Speech Pathology Week: ‘Communication is everyone’s right’
Monday 23 August, 2021
The Catholic Education Ballarat Speech team work in both primary and secondary schools across our diocese, to support students with varying communication difficulties including speech, language, reading, writing, voice and fluency problems. We work individually with students, in small groups, in boost groups, as well as in classrooms alongside class teachers. We partner with schools through consultation, teacher planning, professional learning for teachers and Learning Support Officers, parent workshops, Dynamic assessment and ‘Wrap around the Learning’ (WATL) meetings. We have been engaged in the Oral Language Supporting Early Literacy initiative across our diocese since its inception into the diocese over 10 years ago. Our professional association, Speech Pathology Australia (SPA), has produced a resource for speech pathologists who work in schools, which is available here.

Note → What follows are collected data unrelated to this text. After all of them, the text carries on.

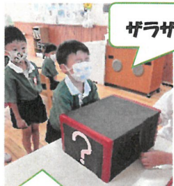
ザラザラしてるぞ
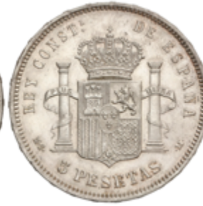
513 120 €
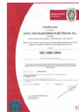
ISO 14001 / 2004
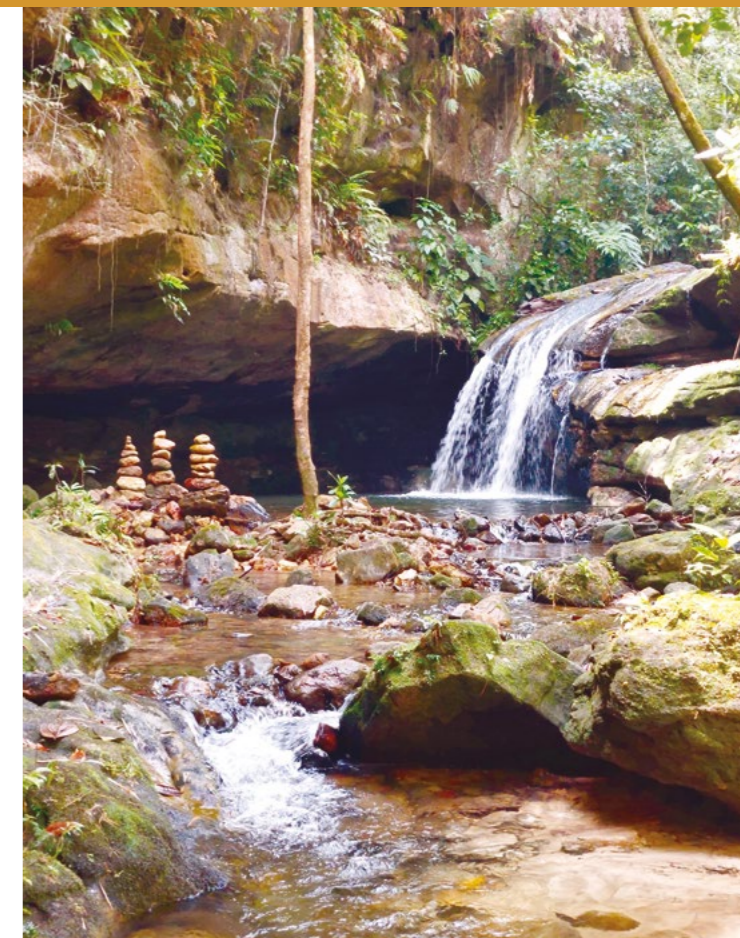
FIGURA 13: Poço da Sereia

“Era festa de muita gente. Começava a vir gente desde dezembro, e as vindas e presentes duravam até fevereiro. Era devoção, e lazer com respeito. Era bom. Era uma grande área de lazer. O Poço da Sereia ainda é um lugar bonito. Antigamente, todo mundo que ia pra lá ficava encantado. Vinha gente de todo lugar. Atualmente, a sereia não está mais lá. Cheguei a ir ao Poço da Sereia quando a tradição era viva, enquanto a sereia ainda estava lá. As pessoas sempre faziam as oferendas. Soubemos que ela não estava mais no local quando ela deixou de aparecer, quando os presentes pararam de ser recebidos. Quando ela quer o presente, ele não volta. Quando ela não quer, ele volta.”
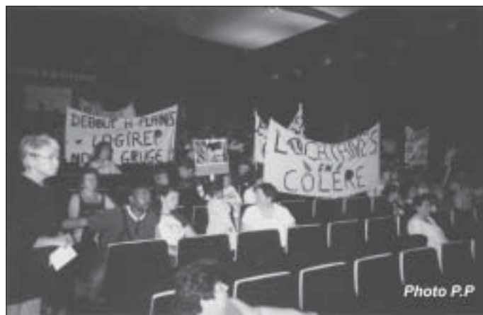
Les habitants s'installent calmement mais n'ont pas encore roulé les banderoles

Ensuite, calmement, près de 150 personnes ont pris place dans le cinéma. Elles y ont retrouvé, d'une part, le Sénateur Maire et d'autres représentants de la municipalité, et d'autre part, les représentants du bailleur. Par contre, le représentant des Pompiers et le Commissaire de Police étaient absents.
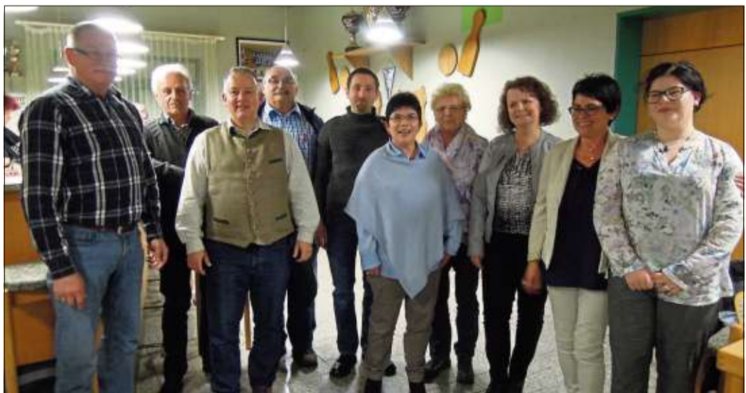
Der neu gewählte Vorstand des Ski- und Wanderclubs Huttengrund.

Bad Soden-Salmünster-Romthal (rs). Der Ski- und Wanderclub Huttengrund lädt für Samstag, 13., und Sonntag, 14. Mai, zur 36. Europa-Volkswanderung in Grünberg-Lardenbach ein. Start und Ziel ist die Schutzhütte am Sportplatz. Veranstalter sind die „Speckmäuse“ vom Spiel- und Sportverein. Die Wanderstrecken sind 5, 10 und 14 Kilometer lang. Startzeit ist am Samstag von 12 bis 16 Uhr (Zielschluss 18 Uhr), am Sonntag von 7 bis 12 Uhr (Zielschluss 14 Uhr).
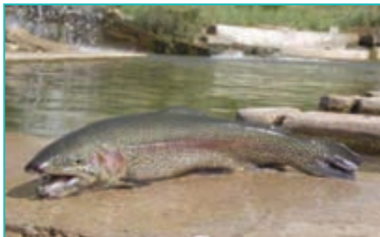
شکل ۵۱-۵ پرورش ماهی
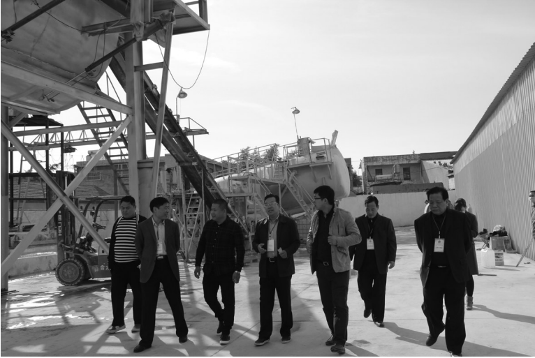
人大代表视察环保事业

There are 1.2 million Australians with communication disability. Our diocesan Speech Pathologists work to ensure that communications is everyone’s right.
“In Australia today, communication disability remains largely invisible. Unseen and out-of-sight,”
The coronavirus (COVID-19) pandemic has highlighted the challenges faced by Australians with communication disability.
That’s why during Speech Pathology Week, from 22-28 August, our Diocesan Speech Pathology team is highlighting the week’s theme: Communication is everyone’s right. We are proud to focus on the critical importance of communication in all of our lives and its foundational role in academic, social and emotional wellbeing and learning.
Communication is a basic human right. It is fundamental to person’s ability to participate fully in the social, educational, economic and sporting aspects of our community.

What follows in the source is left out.